Ancient mariners from the Kalinga region

Sadhabas (or Sadhavas) (ସାଧବ sādhaba) were ancient traders/merchants and mariners from the Kalinga region, which corresponds to modern Odisha, India. They used ships called Boitas to travel to distant lands such as South-East Asia to carry out trade.

The early hours of Kartik Purnima (the full moon day in October and November) was considered an auspicious occasion by the Sadhabas to begin their long voyages. Coconuts, earthenware, sandalwood, cloth, lime, rice, spices, salt, cloves, pumpkins, silk sarees, betel leaves, betel nuts, elephants, precious and semi-precious stones were the main items of trade. Even women went on voyages as well and were known as Sadhabanis (ସାଧବାଣୀ sādhabāṇī). Odia navigators were instrumental in spreading Buddhism and Hinduism in East and Southeast Asia. In addition, they disseminated knowledge of Indian architecture, epics such as the Ramayana and the Mahabharata, Brahmic scripts writing system and Sanskrit loan words which are present in many Southeast Asian languages from different language families such as Khmer, Thai, Cham, Balinese etc.

Maritime trade declined only in the 16th century, with the decline of the Gajapati Empire.

==Etymology==
During Silk Road and Maritime Silk Road trade era, two distinct types of trade in the subcontinent were controlled by merchant leaders such as shreshthis and sarthavahas. The shreshthis has their business in the towns and villages and fulfilled the need of the local region while the sarthavahas, also known as caravan leaders, travelled from place to place trading in both indigenous and foreign goods. They controlled both the import and export while also acting as whole-sellers and suppliers to the local shreshthis.

In Kalinga, the merchants who carried on overseas trade were known as sadhabas. It is believed that the word had probably developed out of the word sadhu, which means honest men and its association with byabasaya (business), thus came to be known as sādhavaḥ which meant honest businessmen (sadhu byabasayi).

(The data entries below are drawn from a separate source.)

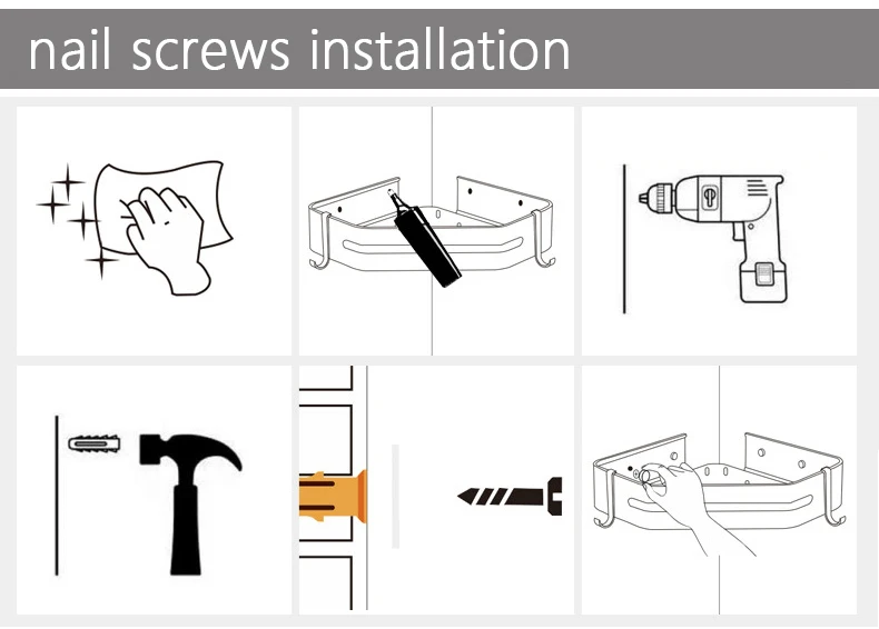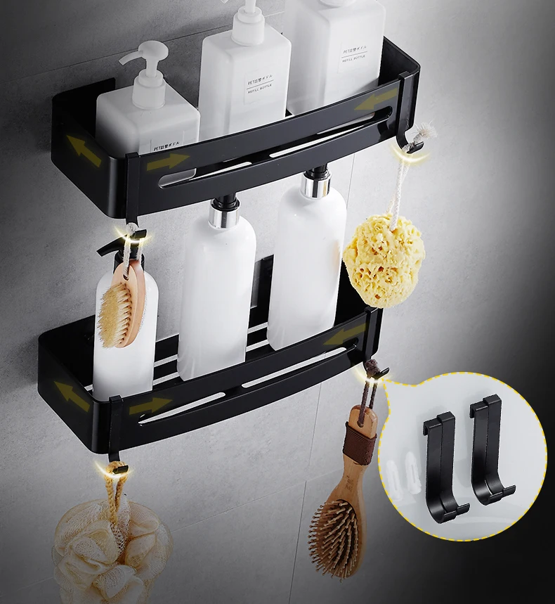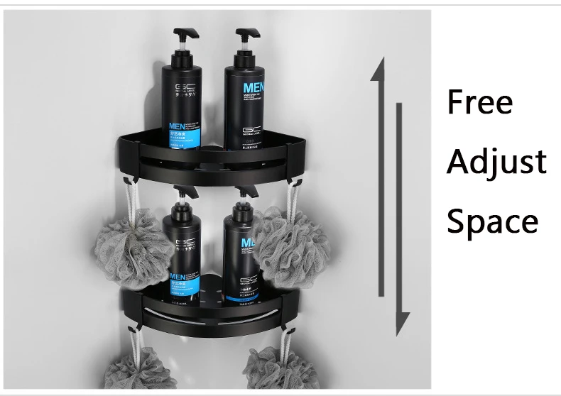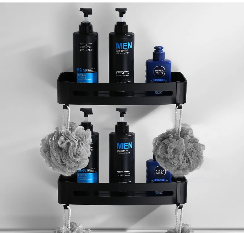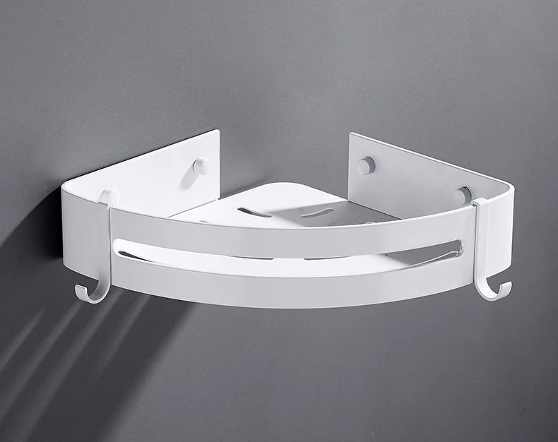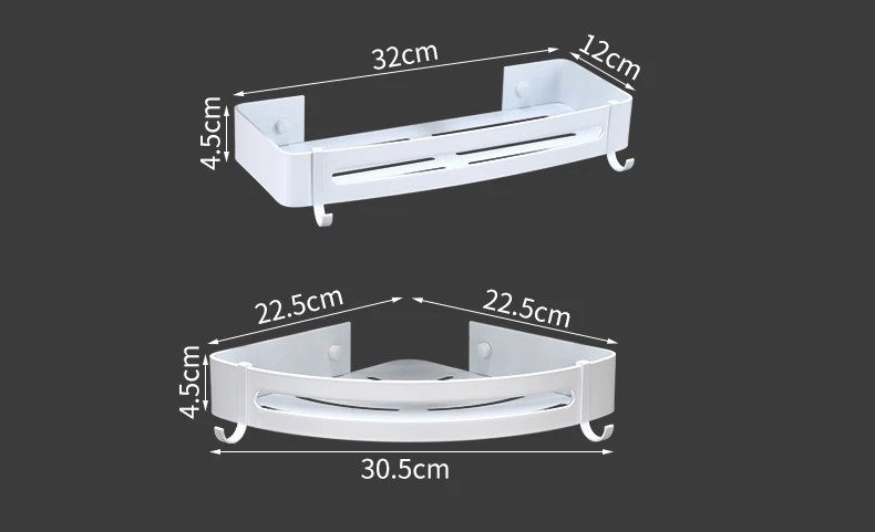 Угловая полка для ванной комнаты, алюминиевая полка для ванной комнаты, душа, кухни, настенное крепление, черныйбелый цвет
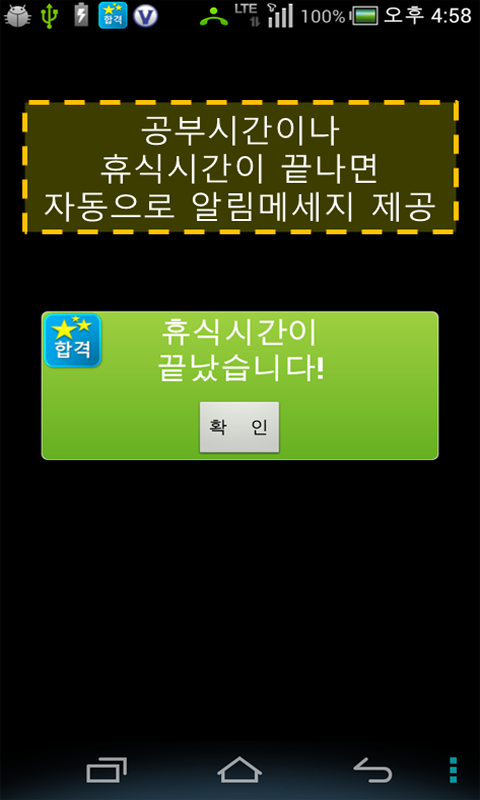 공부시간이 끝나면 자동으로 알림을 제공해 주어 시험대비로
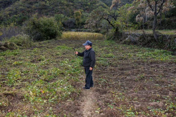王进军在野猪拱过的红薯田中拍照。新京报记者王子诚摄

Other scholars argue that sadhaba originates from the word sarthavahas which was also used for the maritime traders in ancient India.

==Merchants==
===Description===
The Sadhabas did not form any particular caste but rather belonged to a class drawn from various castes. No particular community had the distinction of being singularly involved in the process of overseas activities although the vaishyas did have significant association. The people responsible for rowing the boats were known as kandareas or majhis and were generally from lower castes but at later stage with largescale operations, people from higher castes also joined this activity. The titles of Mangaraja, Boitiala, Mahanayaka etc. also denotes entry of kshatriyas as helmsmen and captain of ships.

===Trade guilds===
The Eastern Ganga records refer to the following economic trade guilds:
- goldsmiths
- oilmen
- milkmen
- potters
- copper workers
- tambulika (cultivators and sellers of betel)
- bell metal workers
- sellers of sugar
- patakara (splitters or carpenters)
- perfumers
- weavers
- barbers
- craftsmen
- washermen
- workers in conch shells
- fishermen

===Legacy===
The Sadhabas had high esteem in the society and are mentioned significantly in the folklores especially that of Ta'apoi and numerous literary works. Their voyages across the ocean is remembered and celebrated in the festival of Boita Bandana held on Kartik Purnima when they used to set sail for trade. The worship of Goddess Mangala as the prime deity of the Sadhabas and their families was important in seeking blessings for good luck, protection of ships, safe return and profitable business due to the fear of shipwrecks and insecurities and fear of unknown duration of the long maritime voyages.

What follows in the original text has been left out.